The article you provide is a sad commentary on our times. It is true: many young people are leaving organized religion all together. Fewer marriages occur in the church, and when they do, no one knows what to say or do because it has been so long since they have been to church.
Rather than focusing on the decline, we should focus on the positive. Even though there are fewer young people coming to church, there are some, and they have chosen to be a part of the Catholic Church. There are youth movements in the church that are going strong. Think about all the young adults at the SEEK conference at the beginning of January. This is a sign of hope. It's imperative for us to find out why those young people, and our young couples, who have three or five kids, have chosen to practice their faith.

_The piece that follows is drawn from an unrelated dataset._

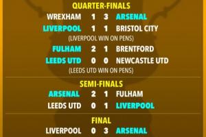 1/4决赛,阿森纳3-1淘汰雷克瑟姆,利物浦则通过点球大战击败布里斯托城,富勒姆2-1布伦特福德,利兹联则依靠点球大战淘汰纽卡晋级四强。
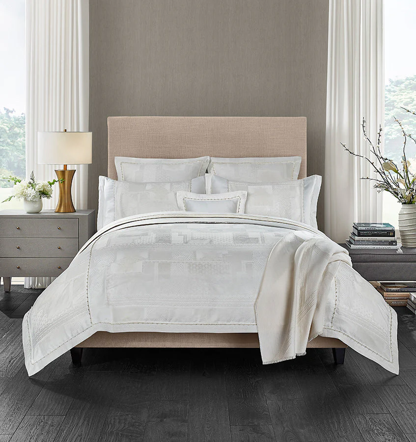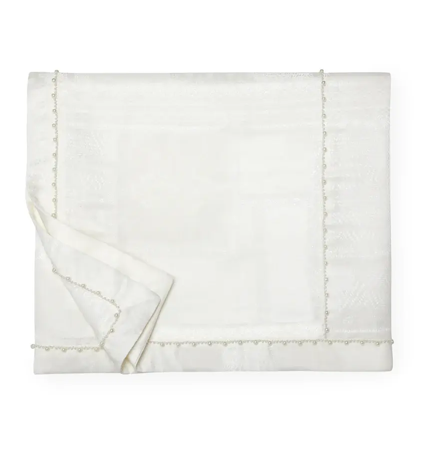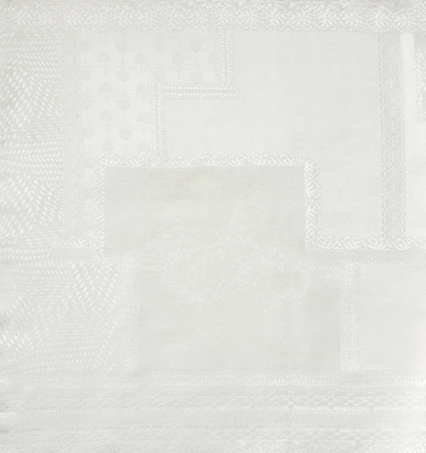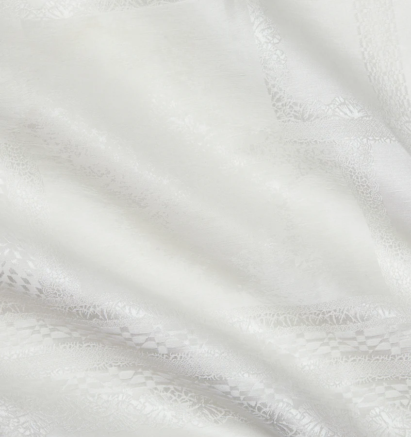 Вдохновленный изысканным люксовым кружевом Европы, Регина сочетает шелковые и льняные нити в великолепном жаккардовом узоре. Панели слоями покрыты кружевом, создавая тонкий эффект лоскутного шитья, и отделаны красивой жемчужной окантовкой, которая нежно отражает светлое сияние этой цветовой гаммы при свечах. Ограниченная серия из 5 экземпляров.

The Catholic Church is re-orienting herself and seeking to make herself relevant to young people. We see initiatives through the book Rebuilt, with Sherry Weddell's Intentional Disciples, and the Alpha programs. The solution will not come overnight. It will be a slow, gradual change. In my opinion we need to start working on forming the people who are in our pews. Teaching them how to pray and evangelize. By working within, we can then work to the outside.
Thinking about our culture and departure from faith makes me think of Mary's messages she spoke in so many places calling us to conversion, the Eucharist and confession. It saddens me that many people in our Catholic tradition are departing from that. Also, the fact that Protestants have no devotion to Mary (for the most part) also saddens me because of the great help she is to us by her prayers, and even by her words through private revelation.